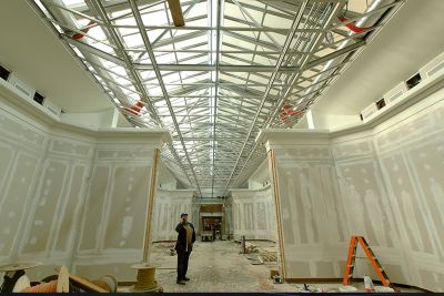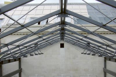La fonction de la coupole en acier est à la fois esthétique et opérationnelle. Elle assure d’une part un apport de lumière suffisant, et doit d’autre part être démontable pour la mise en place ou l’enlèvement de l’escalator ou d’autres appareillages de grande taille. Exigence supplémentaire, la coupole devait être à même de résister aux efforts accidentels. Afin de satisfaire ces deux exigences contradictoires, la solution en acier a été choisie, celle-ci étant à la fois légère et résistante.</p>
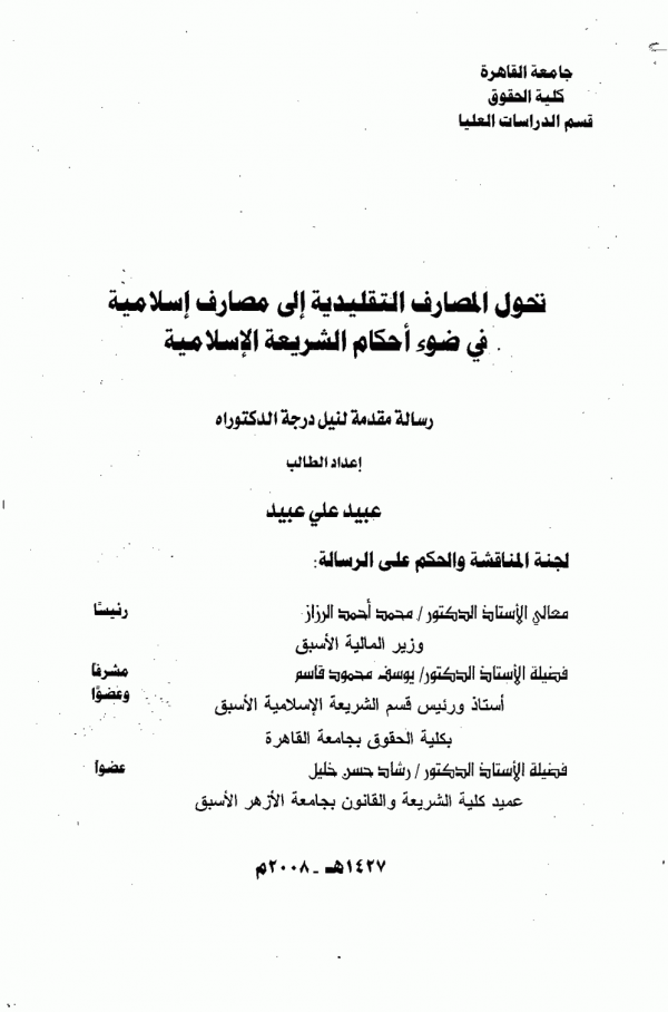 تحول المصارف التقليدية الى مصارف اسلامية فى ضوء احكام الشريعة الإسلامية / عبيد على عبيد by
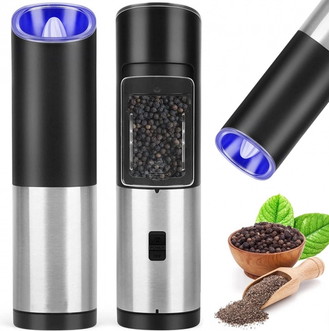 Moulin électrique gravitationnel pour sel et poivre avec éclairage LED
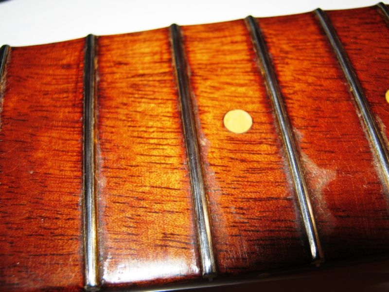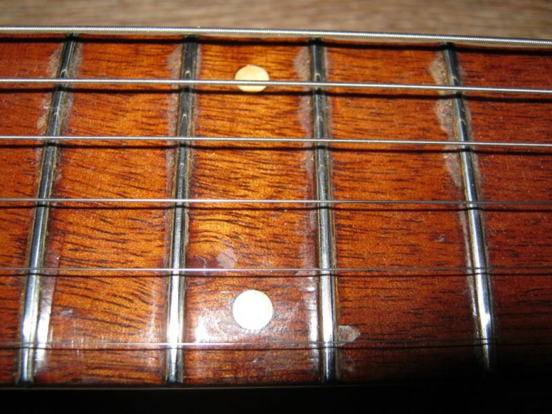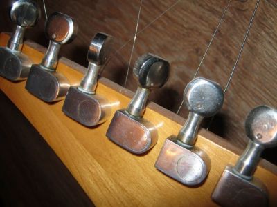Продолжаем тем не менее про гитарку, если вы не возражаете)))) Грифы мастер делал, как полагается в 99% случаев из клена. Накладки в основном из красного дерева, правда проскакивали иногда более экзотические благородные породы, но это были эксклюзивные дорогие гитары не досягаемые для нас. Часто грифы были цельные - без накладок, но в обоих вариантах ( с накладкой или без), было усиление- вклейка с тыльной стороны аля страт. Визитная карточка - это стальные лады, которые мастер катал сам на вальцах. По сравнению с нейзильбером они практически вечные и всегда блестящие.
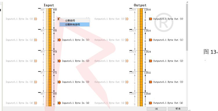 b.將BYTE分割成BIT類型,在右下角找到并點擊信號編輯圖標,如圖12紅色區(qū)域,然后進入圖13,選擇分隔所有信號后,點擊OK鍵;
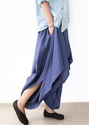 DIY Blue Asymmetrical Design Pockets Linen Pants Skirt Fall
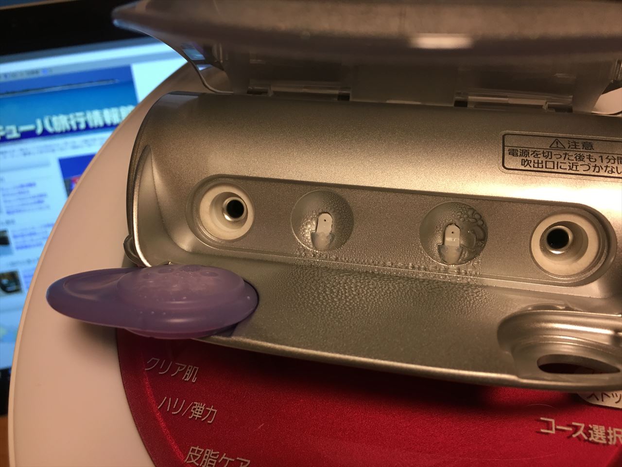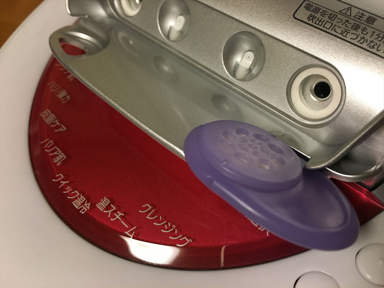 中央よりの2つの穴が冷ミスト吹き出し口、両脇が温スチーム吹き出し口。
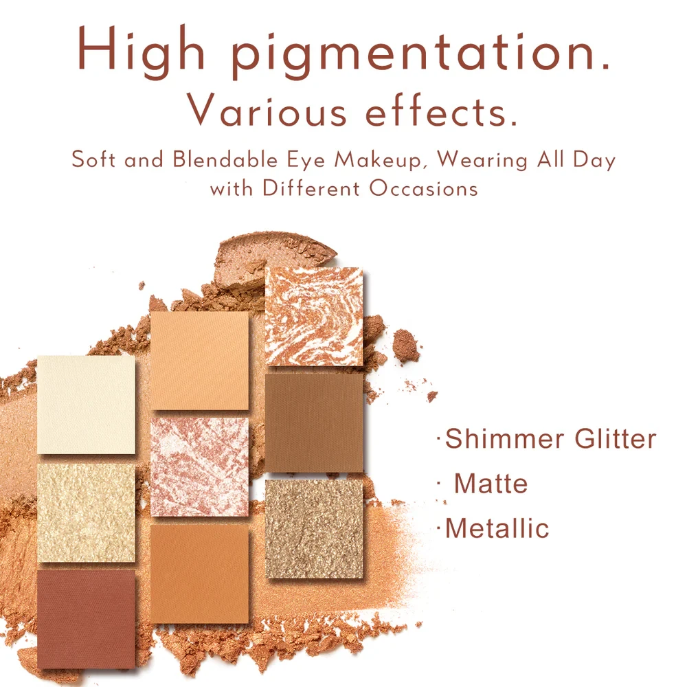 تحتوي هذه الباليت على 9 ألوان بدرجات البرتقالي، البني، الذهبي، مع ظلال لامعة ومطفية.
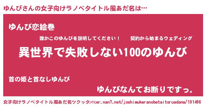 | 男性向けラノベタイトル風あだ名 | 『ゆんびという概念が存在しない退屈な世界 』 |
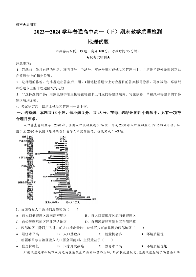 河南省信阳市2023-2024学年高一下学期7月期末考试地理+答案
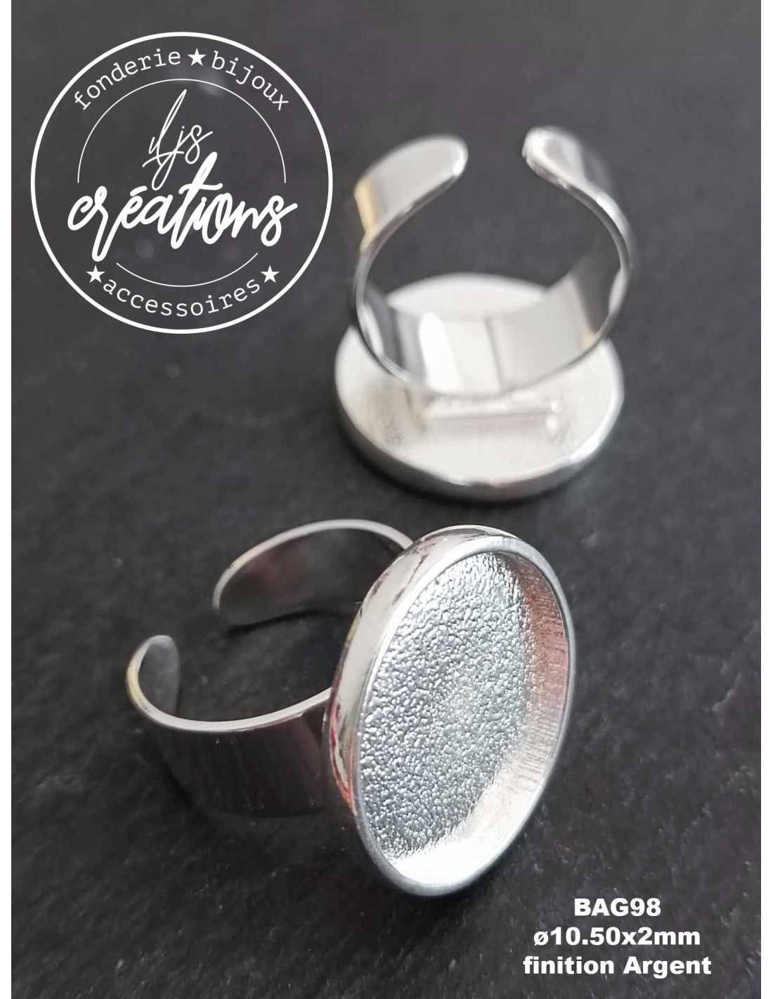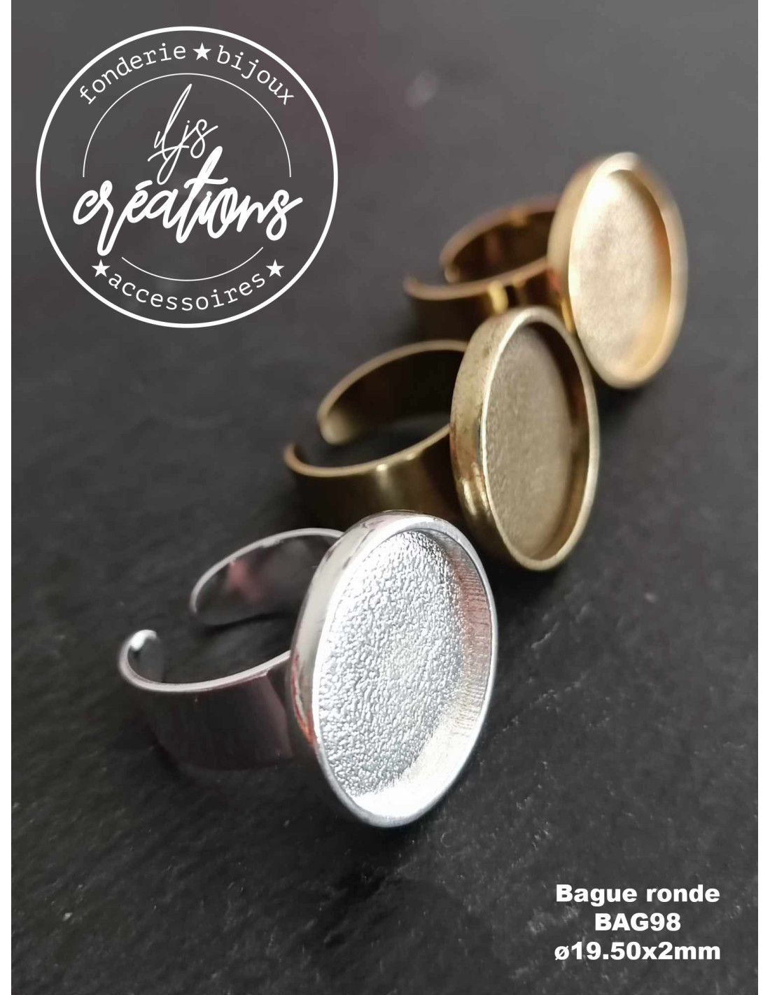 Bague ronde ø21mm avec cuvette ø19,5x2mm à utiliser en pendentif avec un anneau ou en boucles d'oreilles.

###

What the task asks: Copy out, without any pictures, the lines of the records above from the one containing "河南省信阳市2023-2024学年高一下学期7月期末考试地理+答案" through the final line, both ends included.

Solution to this exercise:
 河南省信阳市2023-2024学年高一下学期7月期末考试地理+答案
 Bague ronde ø21mm avec cuvette ø19,5x2mm à utiliser en pendentif avec un anneau ou en boucles d'oreilles.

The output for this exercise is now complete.